-2

How can I add a single row to binary table inside large fits file using pyfits, astropy.io.fits or maybe some other python library?

This file is used as a log, so every second a single row will be added, eventually the size of the file will reach gigabytes so reading all the file and writing it back or keeping the copy of data in memory and writing it to the file every seconds is actually impossible. With pyfits or astropy.io.fits so far I could only read everything to memory add new row and then write it back.
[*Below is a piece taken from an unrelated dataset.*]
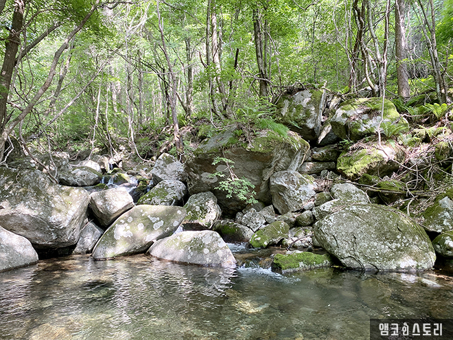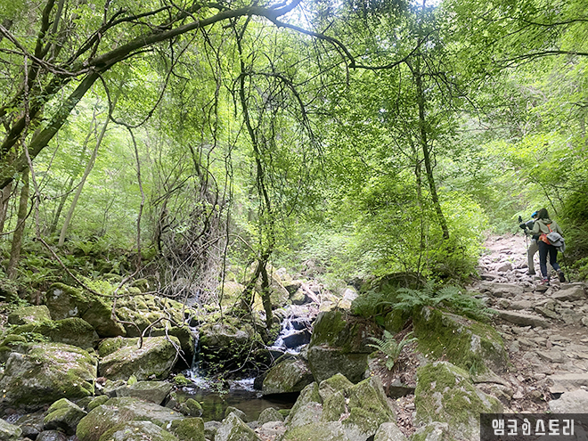 소백산은 정상까지 왕복 최소 10km 정도는 생각해야 하기 때문에 여유 있게 산행시간을 잡는 게 좋고, 필자 개인적으로는 어의곡 > 어의곡삼거리 > 비로봉으로 올라가는 곳이 경사가 심하지 않아 선호하는 편입니다. 능선 위로 올라가기 전까지는 나무 그늘 아래서 올라가기 때문에 선선하고 여름철에도 산행하기 부담이 적을 것 같아요. 이제 곧 여름이 다가오기 때문에 푸릇푸릇한 나뭇잎이 청량하고 시원해 보여서 더 상쾌한 산행이었던 것 같습니다.

Example. I create fits file like this:

import numpy, pyfits
data = numpy.array([1.0])
col = pyfits.Column(name='index', format='E', array=data)
cols = pyfits.ColDefs([col])
tbhdu = pyfits.BinTableHDU.from_columns(cols)
tbhdu.writeto('test.fits')

And I want to add some new value to the column 'index', i.e. add one more row to the binary table.

Vitalii
  • 57
  • 5
  • Why don't you just create a new file every minute add one row (in memory) every second and then write it to a file. Then start over again with a new file. You can eventually concatenate them (if you have to) but keeping several small files is probably much faster and memory-efficient and by only writing out one file every minute you save a lot of IO time. – MSeifert Oct 26 '17 at 17:45
  • 2
    This seems a bit of an X/Y problem. Logs are normally stored in plain text (easier to peruse), and rotated once the file becomes the large (with the older files compressed). Alternatively, you may want to think about using a database instead, which sounds like a much better alternative to an Astropy table in this case. It also really depends on what kind of data you want to store. –  Oct 27 '17 at 00:15
  • @MSeifert The idea is to have a single file with one table, the log includes the metadata which will be needed and later will be used along with main data. Creating multiple files and then merging them seems slightly weird and inefficient especially taking into account that this is a kind of log. – Vitalii Oct 27 '17 at 13:41
  • @Evert These are logs of the telescope, astronomers like fits and anyway this is the official requirement which cannot be overcome, later these logs will be used along with main data for data reconstruction, so they cannot be in simple ascii file. Unfortunately databases cannot be used as well. The data will be mostly primitives (int32, int64, float, double) or their 1D arrays, so fits files are just fine for that. – Vitalii Oct 27 '17 at 13:45
  • astropy supports csv files -> fits file conversion so you could store them as ascii and convert them to FITS when the log is complete. Minimizing IO and the (very expensive) FITS IO. – MSeifert Oct 27 '17 at 13:49
  • @MSeifert Losing precision is not an option and making e.g. float -> string -> float conversion is just not efficient especially since I already have array of the binary data with correct format (because it was used to initially create the file) where the appropriate values were replaced with new ones. I've already wrote a solution above, please see it. – Vitalii Oct 27 '17 at 14:17
  • Seems like you're storing actual data instead of logging your operations, so your terminology is confusion. Hence the confusion on the why and how to store it. –  Oct 27 '17 at 17:06
  • @Evert In some sense it is data, not primary but rather auxiliary, though it is a pretty usual log which stores where the telescope was pointing in some particular moment (and a lot of other stuff). Then these logs are used to make some high level analysis on primary data, calibrations, etc. So I consider my terminology to be just fine and actually my question was really simple: I have fits file and I want to append to existing binary table a new row (of exactly same structure) but with updated values. Please see my examples in my solution above it is pretty straightforward. – Vitalii Oct 27 '17 at 17:27
  • If you have a solution, best is to answer your own question (and accept it), since this is a question - answer site. Updating your question with a solution doesn't actually make it clear your problem is solved: the solution has now become part of the question, and it's unclear what the actual question is. –  Oct 31 '17 at 23:36

1 Answers1

0

Solution This is a trivial task for cfitsio library (method fits_insert_row(...)), so I use python module which is based on it: https://github.com/esheldon/fitsio

And here is the solution using fitsio. To create new fits file the one can do:

import fitsio, numpy
from fitsio import FITS,FITSHDR

fits = FITS('test.fits','rw')
data = numpy.zeros(1, dtype=[('index','i4')])
data[0]['index'] = 1
fits.write(data)
fits.close()

To append a row:

fits = FITS('test.fits','rw')
#you can actually use the same already opened fits file, 
#to flush the changes you just need: fits.reopen()
 data = numpy.zeros(1, dtype=[('index','i4')])
 data[0]['index'] = 2
 fits[1].append(data)
 fits.close()

Thank you for your help.

Vitalii
  • 57
  • 5